Also, I was building all of my UIs using WebGL (babylon.js specifically), and stopped this practice as I had many issues with maintenance of the UIs over time. Instead, I build all GUIs using native HTML5, CSS, and non-WebGL JavaScript, as again, I find far greater flexibility and far less problems as outside of rendering meshes, I can create GUI elements with greater functionality which natively run on every device, OS, and browser. Whereas using WebGL, I was constantly battling all three of these elements and would quite often find my GUIs wouldwork in one version of BJS on most every device, yet stop functioning on some devices, OS, and browsers upon the next release of BJS, and/or browser updates - as there are still so many variables in the functionality of WebGL for devices and browsers - as WebGL is still a young standard comparatively.

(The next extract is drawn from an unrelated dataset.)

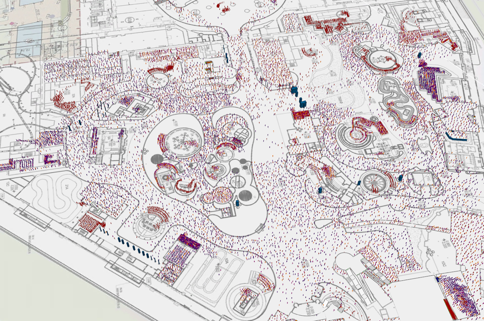 MIC-HUB's project focused on analysing crowd dynamics during typical operational days. The aim was to estimate space utilisation and density levels, assess accessibility to the different areas of the park, and identify potential critical issues related to the design and anticipated visitor numbers.

As is obvious by reading my posts, I love babylon.js. However, I have lost many hours trying to make BJS the one framework to do EVERYTHING; and this has cost me allot of time and resources as well as limiting my ability to create tools and styles which are often quite simple to create in HTML, CSS, and JavaScript. I've mentioned this before, and am posting again, as I find that the current mindset appears to be to make babylon.js do everything in building content, games, and rich user experiences - excluding most of the basic tools which already exist and do many of these functions better. So I just wanted to point out that I personally am able to develop rich content and applications much faster when working with WebGL as an element among many others in developing on the web. Whereas for over one year, I took the path of developing most everything strictly within WebGL, and excluding many of the proven tools which are far more compatible acros multiple devices and browsers, and require far less maintenance in the long run - and often the short run as well.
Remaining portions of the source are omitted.